Changes in quality of life and overall disability also favored Ultomiris, but group differences failed to reach statistical significance.
The therapy was generally well-tolerated, with a safety profile consistent with that of Ultomiris and Soliris for other indications, Pittock said.
Rates of adverse events were similar between groups, and a lower proportion of patients on Ultomiris reported serious adverse events relative to the external placebo group (13.8% vs. 55.3%).
The most commonly reported adverse events with Ultomiris included COVID-19 infection (24.1%), headache (24.1%), back pain (12.1%), joint pain (10.3%), and urinary tract infection (10.3%).
“All cases of COVID-19 were nonserious and considered to be unrelated to [Ultomiris],” Pittock said, while headache and back and joint pain are “well-known side effects” of the therapy.

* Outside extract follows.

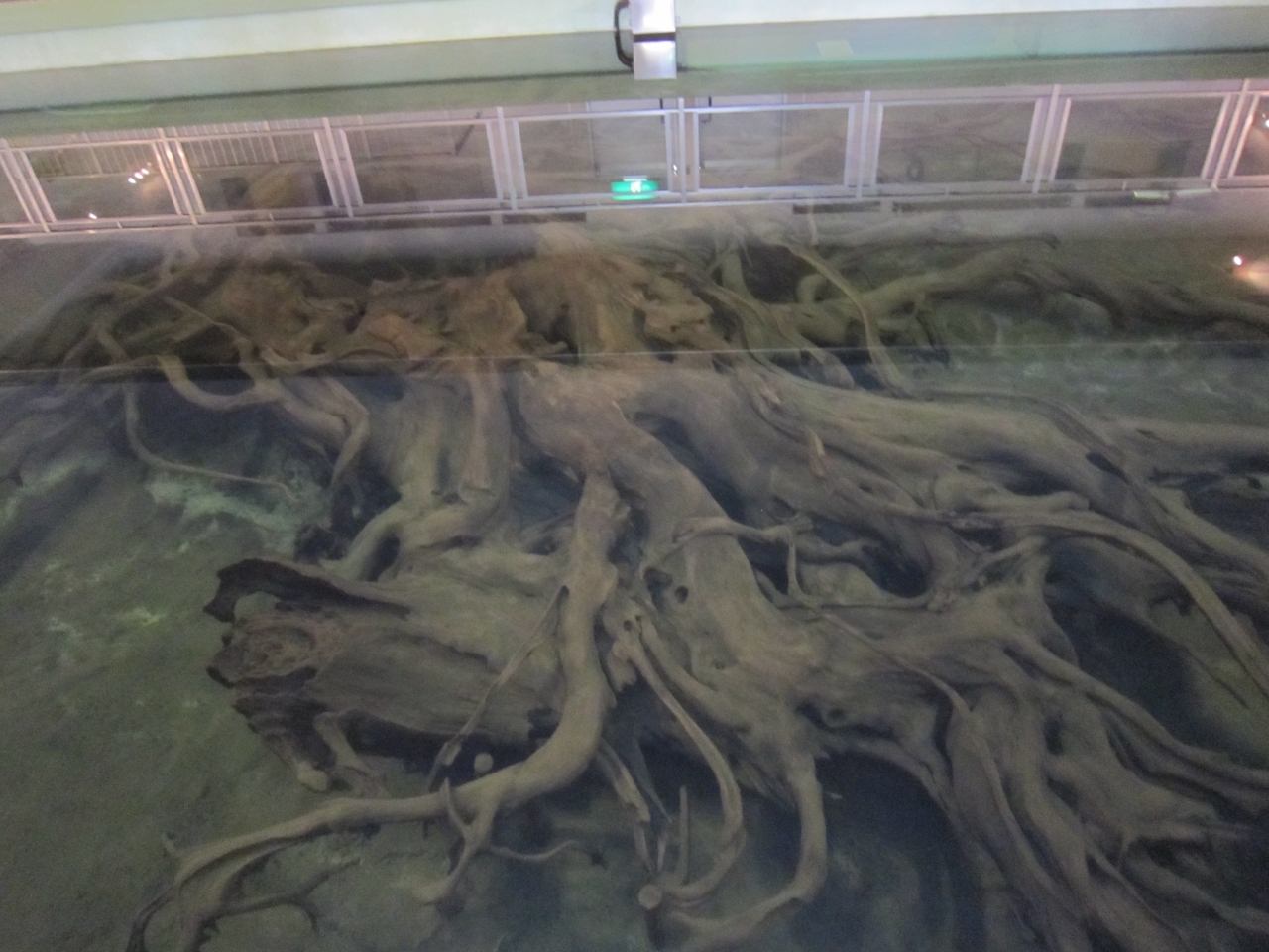 大きなスクリーンで埋没林と蜃気楼についての映像が見られるので、どういう現象なのかがよくわかります。埋没林というものは初めて見ました。2000年以上前に埋没した杉の原生林が現代に出現したものですが、すごいものです。まだ発掘されていないものもあるそうです。海に沈んだ杉の周りは冷たい真水で守られて腐らなかったそうです。水中で保存展示されている杉の根と、乾燥して展示しているものがあります。乾燥しているものはさわれます。数え切れない年輪が刻まれていて、2000年の歴史を感じられます。
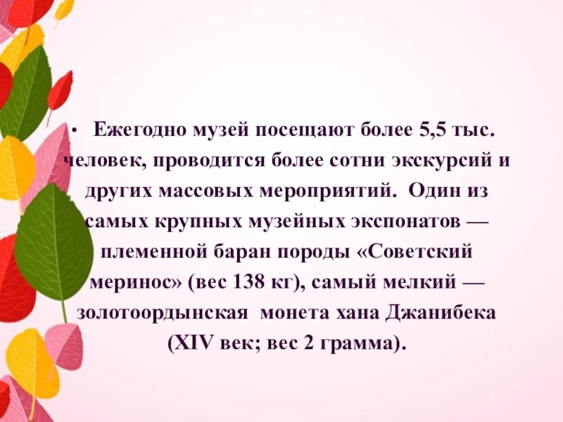 экскурсий и других массовых мероприятий. Один из самых крупных музейных экспонатов — племенной баран породы «Советский меринос» (вес 138 кг), самый мелкий — золотоордынская монета хана Джанибека (XIV век; вес 2 грамма).

Meningococcal infection, a bacterial illness that affects the brain and spinal cord, was reported in two Ultomiris-treated patients who had been vaccinated against such infection. Both recovered fully with no sequelae, and one continued in the trial.
Still, these cases highlight “the importance of close monitoring, risk evaluation, and mitigation strategies currently in place,” Pittock said. No deaths were reported during the study.
Results from additional subgroup and sensitivity analyses were also presented at the congress in two posters. They showed that Ultomiris remained superior to a placebo when patients were grouped based on age, sex, race/ethnicity, geographic region, and current and prior treatment regimen.
Also, the researchers found no evidence that differences between the Ultomiris and external placebo groups at study start had an impact on the observed treatment effect.
These findings “provide robust evidence for the efficacy and safety of [Ultomiris] in reducing relapse risk in patients with AQP4-positive NMOSD,” Pittock concluded.